■ Exercise description
Please print, exactly, only the lines in the entries below from the line that has "To address this, the" through the line that has "使用前にブルーのカバー部分を". Pictures don't go in.

■ Data for processing
# # # #

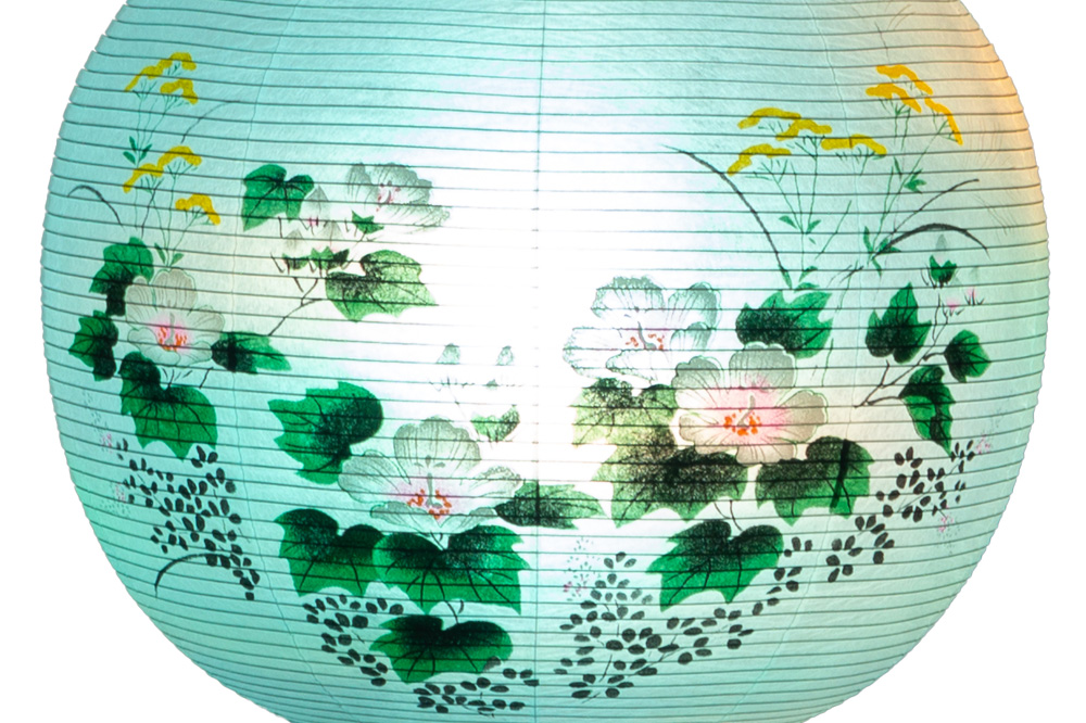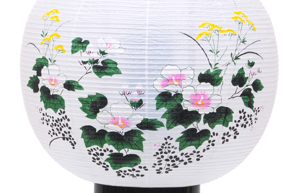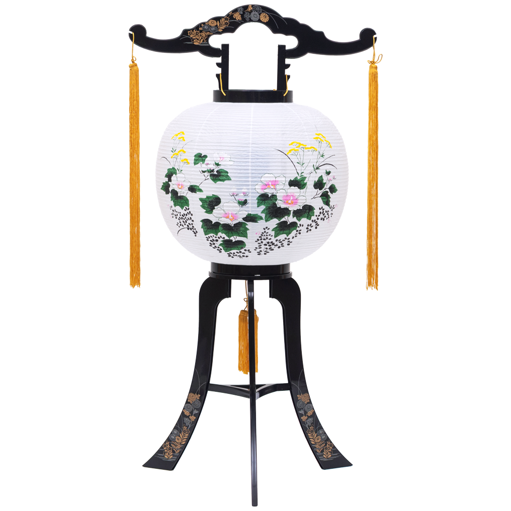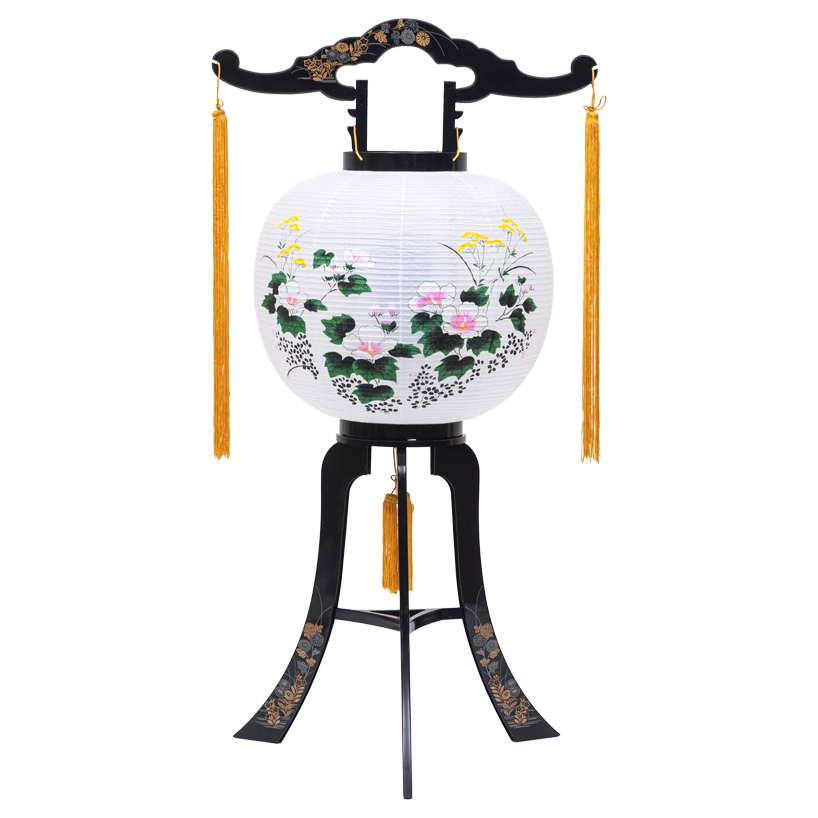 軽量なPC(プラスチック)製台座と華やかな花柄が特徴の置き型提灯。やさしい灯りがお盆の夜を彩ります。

# # # #

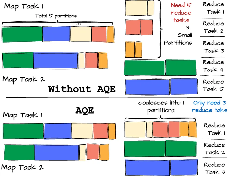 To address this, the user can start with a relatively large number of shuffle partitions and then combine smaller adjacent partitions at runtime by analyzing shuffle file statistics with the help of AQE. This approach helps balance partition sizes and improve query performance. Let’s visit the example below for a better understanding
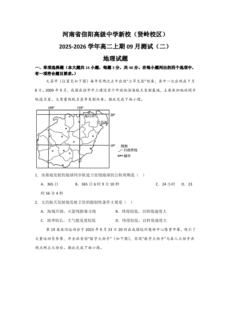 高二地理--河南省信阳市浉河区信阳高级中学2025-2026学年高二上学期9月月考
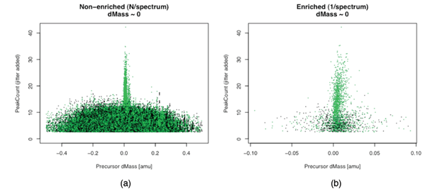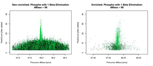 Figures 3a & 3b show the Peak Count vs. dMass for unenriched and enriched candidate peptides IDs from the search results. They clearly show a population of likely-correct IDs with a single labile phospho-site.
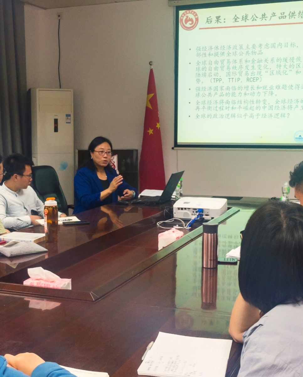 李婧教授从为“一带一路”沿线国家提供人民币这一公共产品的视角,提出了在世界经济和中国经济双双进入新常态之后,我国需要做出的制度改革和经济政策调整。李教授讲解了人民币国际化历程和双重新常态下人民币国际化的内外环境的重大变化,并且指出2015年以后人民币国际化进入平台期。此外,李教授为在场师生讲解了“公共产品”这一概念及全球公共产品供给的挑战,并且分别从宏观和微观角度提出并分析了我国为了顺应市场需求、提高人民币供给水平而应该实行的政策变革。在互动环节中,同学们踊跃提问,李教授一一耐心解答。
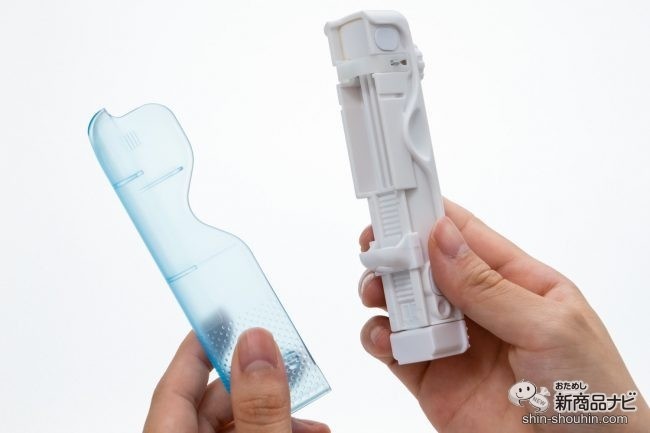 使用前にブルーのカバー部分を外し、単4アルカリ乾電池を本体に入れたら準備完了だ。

# # # #

■ Your solution
 To address this, the user can start with a relatively large number of shuffle partitions and then combine smaller adjacent partitions at runtime by analyzing shuffle file statistics with the help of AQE. This approach helps balance partition sizes and improve query performance. Let’s visit the example below for a better understanding
 高二地理--河南省信阳市浉河区信阳高级中学2025-2026学年高二上学期9月月考
 Figures 3a & 3b show the Peak Count vs. dMass for unenriched and enriched candidate peptides IDs from the search results. They clearly show a population of likely-correct IDs with a single labile phospho-site.
 李婧教授从为“一带一路”沿线国家提供人民币这一公共产品的视角,提出了在世界经济和中国经济双双进入新常态之后,我国需要做出的制度改革和经济政策调整。李教授讲解了人民币国际化历程和双重新常态下人民币国际化的内外环境的重大变化,并且指出2015年以后人民币国际化进入平台期。此外,李教授为在场师生讲解了“公共产品”这一概念及全球公共产品供给的挑战,并且分别从宏观和微观角度提出并分析了我国为了顺应市场需求、提高人民币供给水平而应该实行的政策变革。在互动环节中,同学们踊跃提问,李教授一一耐心解答。
 使用前にブルーのカバー部分を外し、単4アルカリ乾電池を本体に入れたら準備完了だ。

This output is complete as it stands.